→ **PROBLEM DESCRIPTION**: Please copy all of the data that follows exactly, leaving any pictures out.

→ **SOURCE MATERIAL**:
= Beginning of Section =
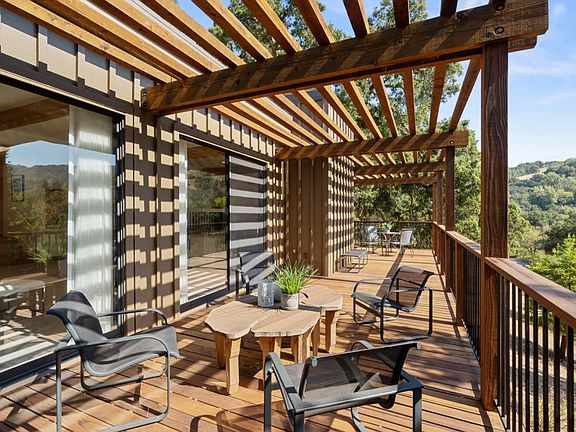 The needs of home have changed. Home is now a place to work, go to school, have your own separate space, and even accommodate additional members of a household. Space and quiet are taking on new importance. A spacious, light filled, open living room with tall beamed ceilings and large windows opens to decks facing the views. Enjoy a morning coffee or tea with a view of the heritage oaks and surrounding hills from a remodeled kitchen featuring an island and breakfast area, opening to a private deck with inviting natural views. Work from home from an upstairs office with a slider out to a grove of oak trees, and another downstairs with windows on two sides and commanding views of the surrounding open space. A second light filled family room on the lower level opens to the lower deck with views, and provides an additional area for remote learning, relaxing or hobbies. Accommodate longer term guests in a downstairs suite that opens to a private deck, and potentially a separate entrance.
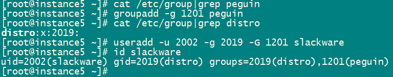 (6)、创建用户slackware,其ID号为2002,基本组为distro,附加组peguin;
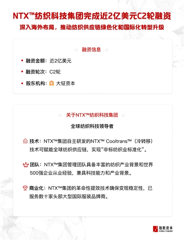 NTX™集团联合创始人、董事长钟博文先生表示,指数资本对纺织行业的透彻理解给我们团队留下非常深刻的印象。交易中的材料准备、机构推荐、路演协助以及法律条款谈判,无一不体现指数资本团队高度的专业水平和令人钦佩的敬业精神。随着合作深入,我们也向指数团队学习到许多,更受益于他们对产业发展方向的洞察与判断。期待未来与指数资本持续合作,为打造全球纺织行业的基础设施共同努力。
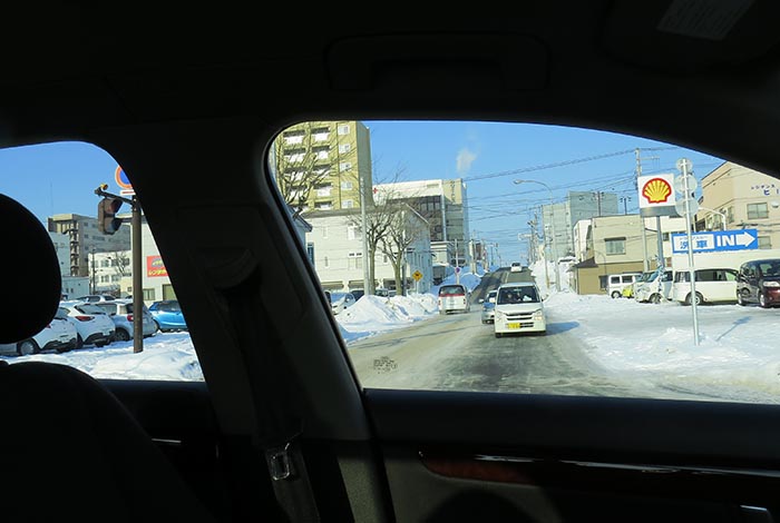 午前9時20分、国道39号の五差路から左は石北峠・旭川・札幌方面
= End of Section =
→ **OUTPUT**:
 The needs of home have changed. Home is now a place to work, go to school, have your own separate space, and even accommodate additional members of a household. Space and quiet are taking on new importance. A spacious, light filled, open living room with tall beamed ceilings and large windows opens to decks facing the views. Enjoy a morning coffee or tea with a view of the heritage oaks and surrounding hills from a remodeled kitchen featuring an island and breakfast area, opening to a private deck with inviting natural views. Work from home from an upstairs office with a slider out to a grove of oak trees, and another downstairs with windows on two sides and commanding views of the surrounding open space. A second light filled family room on the lower level opens to the lower deck with views, and provides an additional area for remote learning, relaxing or hobbies. Accommodate longer term guests in a downstairs suite that opens to a private deck, and potentially a separate entrance.
 (6)、创建用户slackware,其ID号为2002,基本组为distro,附加组peguin;
 NTX™集团联合创始人、董事长钟博文先生表示,指数资本对纺织行业的透彻理解给我们团队留下非常深刻的印象。交易中的材料准备、机构推荐、路演协助以及法律条款谈判,无一不体现指数资本团队高度的专业水平和令人钦佩的敬业精神。随着合作深入,我们也向指数团队学习到许多,更受益于他们对产业发展方向的洞察与判断。期待未来与指数资本持续合作,为打造全球纺织行业的基础设施共同努力。
 午前9時20分、国道39号の五差路から左は石北峠・旭川・札幌方面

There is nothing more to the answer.